Atmosphere Ocean Science Colloquium

Wave Effects in the Tropical Tropopause Layer

Speaker: Joan Alexander, NWRA

Location: Warren Weaver Hall 1302

Date: Wednesday, November 13, 2013, 3:30 p.m.


The tropical tropopause layer (TTL) is an entry-point for air entering the stratosphere from the troposphere. The global transport circulation moves air upwards through the TTL and lower stratosphere, then poleward where it descends and eventually returns to the troposphere. Temperatures in the TTL reach extremely cold values, and air entering the stratosphere is effectively freeze-dried, leading to very dry conditions throughout the stratosphere.
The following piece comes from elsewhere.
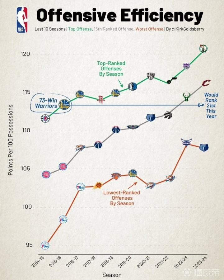 Kirk Goldsberry表示,15-16赛季的73胜勇士放在本赛季,他们的进攻效率(114.9)仅能排在第21位。本赛季进攻效率排名第一的是凯尔特人,进攻效率超过120(121.7)。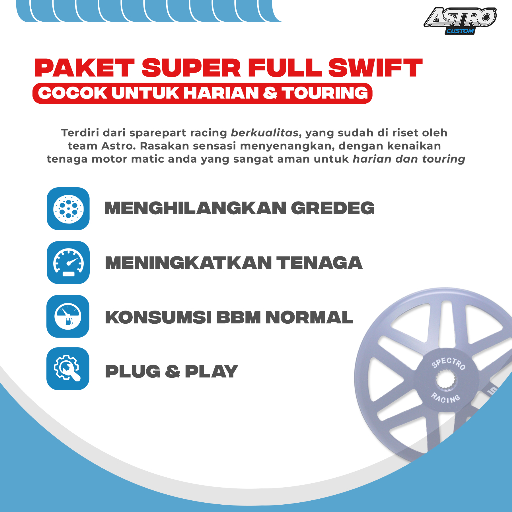 Paket Super Full Upgrade Vario 125 150 PCX ADV STYLO 160 Mangkok Ganda Swift Daytona Vanbelt Pulley Roller Per Spectro R

Despite small concentrations,decadal-scale changes in stratospheric water vapor have acted to significantly accelerate and slow the rates of global warming in recent decades, and the changes are believed tied to changes in the stratospheric transport circulation. However the mechanisms causing these changes remain illusive. Climate models predict a steady acceleration of the transport circulation as a response to greenhouse gas induced climate change, but such changes have not been observed to date. Our poor understanding of the processes controlling past variability in TTL temperatures and the stratospheric transport circulation results in a significant uncertainty in decadal-scale projection sof global warming. Using both observational analyses and theoretical and global dynamical models, we examine varied roles of tropical waves in driving temperature variability and variability in the transport circulation in the TTL.